First as to Horner and Lagrange. We know that between the limits β, α there lies one, and only one, real root of the equation; ƒ(β) and ƒ(α) have therefore opposite signs. Suppose any intermediate value is θ; in order to determine by Sturm’s theorem whether the root lies between β, θ, or between θ, α, it would be quite unnecessary to calculate the signs of ƒ(θ),ƒ′(θ), ƒ2(θ) ...; only the sign of ƒ(θ) is required; for, if this has the same sign as ƒ(β), then the root is between β, θ; if the same sign as ƒ(α), then the root is between θ, α. We want to make θ increase from the inferior limit β, at which ƒ(θ) has the sign of ƒ(β), so long as ƒ(θ) retains this sign, and then to a value for which it assumes the opposite sign; we have thus two nearer limits of the required root, and the process may be repeated indefinitely.
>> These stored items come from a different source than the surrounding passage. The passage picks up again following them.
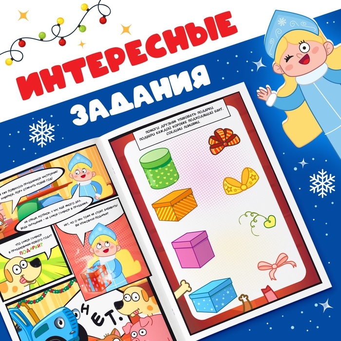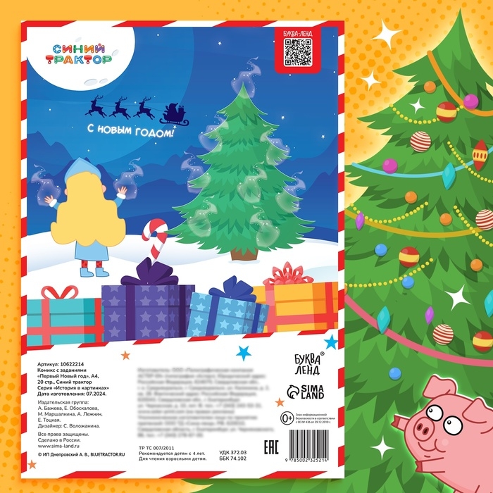 Комикс с заданиями «Первый Новый год», А4, 20 стр., Синий трактор
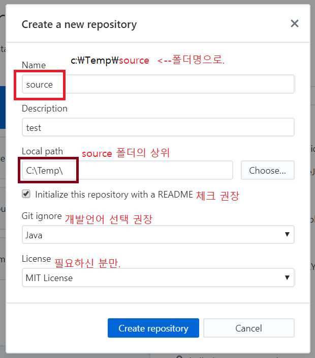 제 로컬에만 소스가 있었는데, 이걸 github 의 repository 로 공유하고 다른사람과 개발을 같이 해야할 때가 있죠.
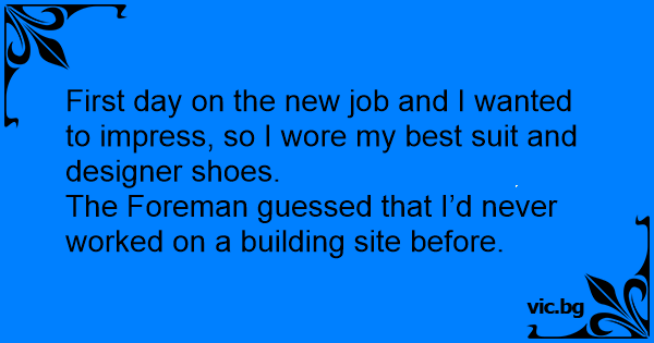 First day on the new job and I wanted to impress, so I wore my best suit and designer shoes.<br />The Foreman guessed that I’d never worked on a building site before.
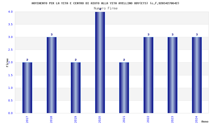 | Anno | Firme | Importi | Media | Naz. | Reg. | Prov. | Comu. |

Horner’s method (1819) gives the root as a decimal, figure by figure; thus if the equation be known to have one real root between 0 and 10, it is in effect shown say that 5 is too small (that is, the root is between 5 and 6); next that 5.4 is too small (that is, the root is between 5.4 and 5.5); and so on to any number of decimals. Each figure is obtained, not by the successive trial of all the figures which precede it, but (as in the ordinary process of the extraction of a square root, which is in fact Horner’s process applied to this particular case) it is given presumptively as the first figure of a quotient; such value may be too large, and then the next inferior integer must be tried instead of it, or it may require to be further diminished. And it is to be remarked that the process not only gives the approximate value α of the root, but (as in the extraction of a square root) it includes the calculation of the function ƒ(α), which should be, and approximately is, = 0. The arrangement of the calculations is very elegant, and forms an integral part of the actual method. It is to be observed that after a certain number of decimal places have been obtained, a good many more can be found by a mere division. It is in the progress tacitly assumed that the roots have been first separated.
Lagrange’s method (1767) gives the root as a continued fraction a + 1/b + 1/c + ..., where a is a positive or negative integer (which may be = 0), but b, c, ... are positive integers. Suppose the roots have been separated; then (by trial if need be of consecutive integer values) the limits may be made to be consecutive integer numbers: say they are a, a + 1; the value of x is therefore = a + 1/y, where y is positive and greater than 1; from the given equation for x, writing therein x = a + 1/y, we form an equation of the same order for y, and this equation will have one, and only one, positive root greater than 1; hence finding for it the limits b, b + 1 (where b is = or > 1), we have y = b + 1/z, where z is positive and greater than 1; and so on—that is, we thus obtain the successive denominators b, c, d ... of the continued fraction. The method is theoretically very elegant, but the disadvantage is that it gives the result in the form of a continued fraction, which for the most part must ultimately be converted into a decimal. There is one advantage in the method, that a commensurable root (that is, a root equal to a rational fraction) is found accurately, since, when such root exists, the continued fraction terminates.
6. Newton’s method (1711), as perfected by Fourier(1831), may be
- ↑ The third edition (1826) is a reproduction of that of 1808; the first edition has the date 1798, but a large part of the contents is taken from memoirs of 1767–1768 and 1770–1771.